# Goats per Acre



## GoldenSeal (Sep 14, 2010)

Anyone know how many goats you should own per acre? I have nine acres with ten goats. I have probably five acres in bush so the goats kind of neglect the hay put out in the spring/summer/fall. I know with cattle it's 1 per acre. I want about 12-15 does, 3 bucks, and 3-6 FF's eventually.


----------



## SDK (Jun 26, 2008)

that's more than enough room for the animals you want to have


----------



## StaceyRosado (Oct 5, 2007)

I agree. You can do like 6 standard size goats per acre if you are relying on pasture alone to keep them fed, more goats if you are feeding hay as their full diet.


----------



## GoldenSeal (Sep 14, 2010)

The don't touch the hay in the warmer months, I've tried to get them to eat it. I just let them roam my property because I don't have fencing. I CANNOT wait to get it next year, sheesh they're annoying sometimes. They like to sit right in front of the RV and yell when *they* think it's time to milk.

Thanks for the replies. I was hoping that I would have enough for them. I like them to have a ton of space to roam.


----------



## FunnyRiverFarm (Sep 13, 2008)

GoldenSeal said:


> The don't touch the hay in the warmer months, I've tried to get them to eat it. I just let them roam my property because I don't have fencing.

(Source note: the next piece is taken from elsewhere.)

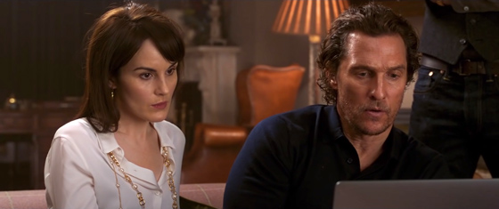 L’articolo che state per leggere contiene sesso, droga, violenza, arroganza, spocchia, volgarità, Madonna e qualsiasi altra cosa la fetida mente di chi scrive abbia fermentato dopo la visione di questo film. Il suo linguaggio è fatto apposta per turbare benpensanti, moralizzatori, politicamente correttissimi, ladies, gentlemen ed altre categorie assimilabili. A tutti gli altri, buon divertimento. Mickey Pearson, boss della cannabis, è intenzionato a vendere la sua attività consistente in diversi laboratori nascosti al miliardario americano Matthew Berger per 400 milioni di sterline, al fine di ritirarsi a vita privata con la moglie Rosalind e godersi i frutti del suo lavoro. Il suo braccio destro Raymond Smith riceve la visita inaspettata dell’investigatore privato Fletcher che ha una storia su Mickey - riportata su un dossier scritto a mo’ di sceneggiatura - che ha intenzione di cedere per 20 milioni di sterline minacciando in alternativa la pubblicazione su un noto tabloid scandalistico inglese. Intanto anche Occhio Secco, vice del gangster cinese Lord George, propone di rilevare l’attività di Mickey ma lui rifiuta. Un gruppo di ragazzi dediti alle arti marziali fa irruzione in un laboratorio portando via diverse piante, ma quando Coach, il loro allenatore, lo scopre corre a scusarsi proponendo di eseguire alcuni servizi per Mickey oltre alla riconsegna della marijuana. Le cose si complicano sempre di più e sarà difficile capire quali siano le verità in mezzo a una serie di manipolazioni messe in atto per rovesciare il potere di Mickey che non sa di chi possa davvero fidarsi. Per essere il re della giungla non basta comportarsi da re. Devi essere il re. E non devono esserci dubbi, perché i dubbi creano caos e ti portano alla rovina. Lock & stock, Snatch, RocknRolla, Sherlock Holmes, Sherlock Holmes - Gioco di ombre, Operazione U.N.C.L.E. e il prossimo Wrath of Man. Nel miglior cinema di Guy Ritchie raramente si trovano personaggi buoni(sti) per cui fare un tifo incondizionato, ci sono delinquenti, balordi, drogati e infami, alcuni dei quali, nonostante tutto, diventano simpatici perché in qualche modo seguono regole non scritte di dignità, valore, rispetto e onore misti a etica professionale. Anche quando la professione non è poi così onorevole (anche nel suo live action di Aladdin il protagonista è un ladro, sebbene in salsa disneyana). Il regista dimostra la solita dimestichezza nel maneggiare il genere gangster anche stavolta. Nel suo curriculum esiste un’unica sbavatura o, per meglio dire, un errore grosso come una casa: Travolti dal destino, remake di Travolti da un insolito destino nell’azzurro mare d’agosto di Lina Wertmüller (già la differenza fra i titoli suggerisce qualcosa), con l’allora moglie Madonna che dopo Evita pensò (male) di potersi misurare con un’icona come Mariangela Melato. Errore. Grosso. Come una casa. A lui lo perdoniamo. E anche a lei visto che dopo quel flop decise che non avrebbe più recitato come protagonista in nessun film e finora sta tenendo fede al patto continuando invece a fare ciò per cui è nata: cantare (bene) e a tempo perso attaccare personaggi come Donald Trump. Il cinema di Ritchie è sporco, brutto (anche se qui ci sono non pochi belli) e cattivo, sempre in linea con l’idea che non esistono santi, esistono solo esseri che pur di sopravvivere e/o dominare sarebbero in grado di fare praticamente qualsiasi cosa. Animali insomma. - Ciao amore... - Ciao amore. Il Mickey di Matthew McConaughey - al suo primo film con Ritchie - è scaltro, elegante, sprezzante. Ha iniziato a fare i soldi vendendo erba ai colleghi studenti al college abbandonando poi gli studi per creare un business milionario. È determinato nel voler abbandonare l’attività non perché ritiene di essersi rammollito con gli anni, bensì perché capisce, da bravo imprenditore, quand’è il momento di farsi da parte. Rosalind (Michelle Dockery | Downton Abbey), la moglie di Mickey, è una donna manager risoluta, tosta, un maschiaccio direbbe qualcuno, una femmina nel senso più alto direbbe qualcun altro. Quando si dice che (dietro, ma in questo caso è preferibile) di fianco a un grande uomo c’è una grande donna si intende una donna come lei. È forte e sensuale al pari - se non oltre - della Naomi/Margot Robbie, moglie di Jordan Belfort/Leonardo DiCaprio di The Wolf of Wall Street: ricordate la scena in cui lei (la Robbie), seduta per terra con lui di fronte, gli mostra tutta la sua femminilità e, quando lui cade a terra - a quattro zampe, adorante, a bocca spalancata - e va verso di lei, lei lo tiene a bada con la suola della scarpa sulla di lui fronte? Sì che la ricordate. Bene Rosalind supera quel concetto, andate a vedere come, se non l’avete già fatto. Digressione: tra l’altro, in TWoWS c’era anche McConaughey che interpretava il broker esaltato che invitava DiCaprio a mugugnare un motivetto battendosi il petto col pugno. Chiusa digressione. Vedi: il problema non è il primo pezzo di domino che cade, Michael. Il problema è l’ultimo. Perché bisogna guardare The Gentlemen? Perché riesce a mescolare con meticolosità azione, commedia e thriller - generi che difficilmente si impastano così bene - con la naturalezza che solo Guy Ritchie - e pochi altri - riesce a far sembrare tanto semplice, un po’ come quando si guarda un esercizio ginnico eseguito da Jury Chechi. Intanto è in pre-produzione una serie basata su The Gentlemen che porta lo stesso titolo, scritta e diretta da Ritchie. Non ci sono ancora notizie sul cast, sulla trama o su una data di uscita. Il 15 gennaio 2021 dovrebbe poi uscire - complicazioni da COVID-19 permettendo - il film Wrath of Man che vede il regista al suo quarto film con l’attore Jason Statham dopo Lock & stock (1998), Snatch (2000) e Revolver (2005). Attendiamo con fiducia e ardore. Nota tecnica a cura di Emidio Frattaroli VALUTAZIONI regia 8 sceneggiatura 7 recitazione 8.5 fotografia 8 musi

Well, that figures! My 6 goats have over 20 acres to browse and they still want hay! LOL!


----------



## Oat Bucket Farm (Dec 14, 2009)

I don't have even one full acre and I have three goats, so you should be fine.


----------



## GoldenSeal (Sep 14, 2010)

I'll probably have have 20-30 goats at the most. I can't wait until I get my herd expanding! So exciting!!


----------